AP Calculus BC-Questions and Answers - All Topics
Question

Given that \( 3x – \tan y = 4 \), what is \( \frac{dy}{dx} \) in terms of \( y \)?

A) \( \frac{dy}{dx} = 3 \sin^2 y \)

B) \( \frac{dy}{dx} = 3 \cos^2 y \)

C) \( \frac{dy}{dx} = 3 \cos y \cot y \)

D) \( \frac{dy}{dx} = \frac{3}{1 + 9y^2} \)

▶️ Answer/Explanation
Solution
Given \( 3x – \tan y = 4 \), differentiate implicitly with respect to \( x \): \( \frac{d}{dx}(3x) – \frac{d}{dx}(\tan y) = \frac{d}{dx}(4) \).
This gives \( 3 – \sec^2 y \cdot \frac{dy}{dx} = 0 \).
Solve for \( \frac{dy}{dx} \): \( \sec^2 y \cdot \frac{dy}{dx} = 3 \), so \( \frac{dy}{dx} = \frac{3}{\sec^2 y} \).
Since \( \sec^2 y = \frac{1}{\cos^2 y} \), then \( \frac{dy}{dx} = 3 \cos^2 y \).
✅ Answer: B)
Question

What is the slope of the line tangent to the curve \( 4y^2 + xy – 2x^2 = 3 \) at the point \( (-1, -1) \)?

A) \( -5 \)

B) \( -\frac{3}{7} \)

C) \( \frac{1}{4} \)

D) \( \frac{1}{3} \)

▶️ Answer/Explanation
Solution
Use implicit differentiation on \( 4y^2 + xy – 2x^2 = 3 \).
Differentiate: \( 8y \frac{dy}{dx} + (x \frac{dy}{dx} + y) – 4x = 0 \).
Simplify: \( (8y + x) \frac{dy}{dx} + y – 4x = 0 \), so \( \frac{dy}{dx} = \frac{4x – y}{8y + x} \).
Evaluate at \( (-1, -1) \): \( \frac{dy}{dx} = \frac{4(-1) – (-1)}{8(-1) + (-1)} = \frac{-3}{-9} = \frac{1}{3} \).
✅ Answer: D)
Question

If \( \cos(4x – y) = x + y \), then \( \frac{dy}{dx} = \)

A) \( -1 – \sin(4x – y) \)

B) \( \frac{2 + 4 \sin(4x – y)}{\sin(4x – y)} \)

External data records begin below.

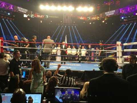 Tại MGM Grand lúc này diễn ra hiệp 1 cuộc so găng thứ 6 giữa Leo Santa Cruz - Jose Cayetano (10 hiệp, hạng lông). Cuộc so găng Mayweather - Pacquiao sẽ bắt đầu sau khi trận đấu này kết thúc.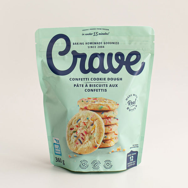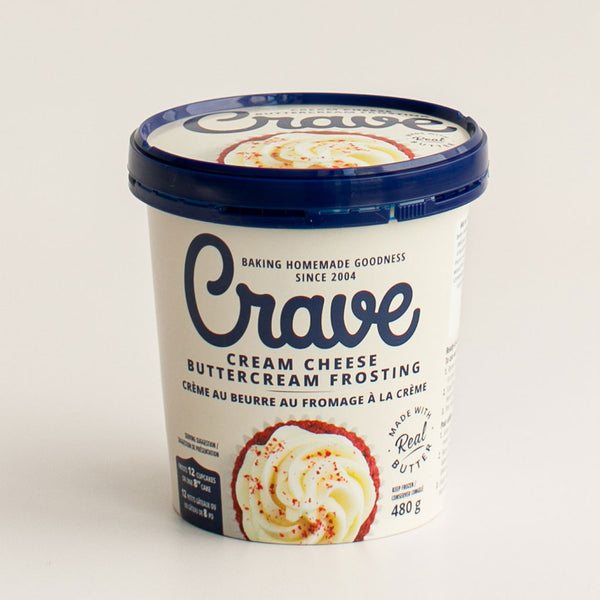 All of our frozen products are made with real butter, kept fresh in the freezer aisle! Find our frozen cookie dough, recently featured in Costco and our frozen buttercream in iconic Crave flavours.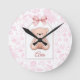 Aria | Custom Pink Teddy Bear Nursery Design Round Clock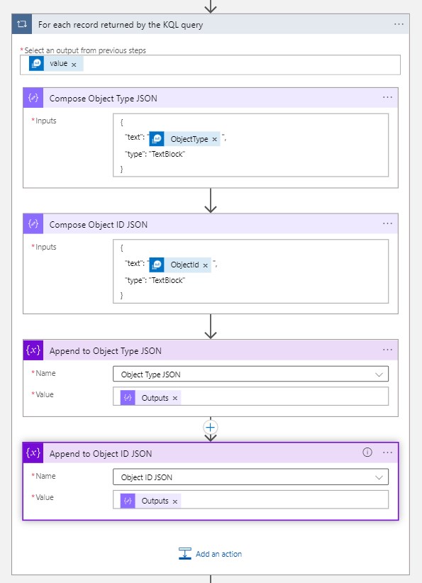 Now for each records returned by the KQL query on my Azure Application Insights instance, I use the Compose action for creating the TextBlock object for each returned value. On each TextBlock I’m dynamically passing the KQL field to display (ObjectType and ObjectId fields returned by the KQL query):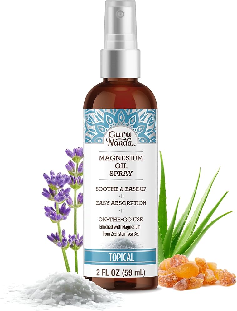 رذاذ زيت المغنيسيوم Gurunanda (2 أوقية) ، رذاذ المغنيسيوم الموضعي مع الزيوت الأساسية الطبيعية والألوة فيرا ، يساعد في وجع العضلات والاسترخاء ، خالية من القسوة

C) \( \frac{-1}{1 + \sin(4x – y)} \)

D) \( \frac{1 + 4 \sin(4x – y)}{-1 + \sin(4x – y)} \)

▶️ Answer/Explanation
Solution
Differentiate \( \cos(4x – y) = x + y \) implicitly with respect to \( x \).
Left side: \( -\sin(4x – y) \cdot (4 – \frac{dy}{dx}) \).
Right side: \( 1 + \frac{dy}{dx} \).
Set equal: \( -\sin(4x – y) \cdot (4 – \frac{dy}{dx}) = 1 + \frac{dy}{dx} \).
Distribute: \( -4 \sin(4x – y) + \sin(4x – y) \cdot \frac{dy}{dx} = 1 + \frac{dy}{dx} \).
Solve: \( (\sin(4x – y) – 1) \frac{dy}{dx} = 1 + 4 \sin(4x – y) \).
Thus, \( \frac{dy}{dx} = \frac{1 + 4 \sin(4x – y)}{\sin(4x – y) – 1} = \frac{1 + 4 \sin(4x – y)}{-1 + \sin(4x – y)} \).
✅ Answer: D)
Question
\( f(1) = 4 \)\( f'(1) = -2 \)\( g(3) = 7 \)\( g'(3) = 1 \)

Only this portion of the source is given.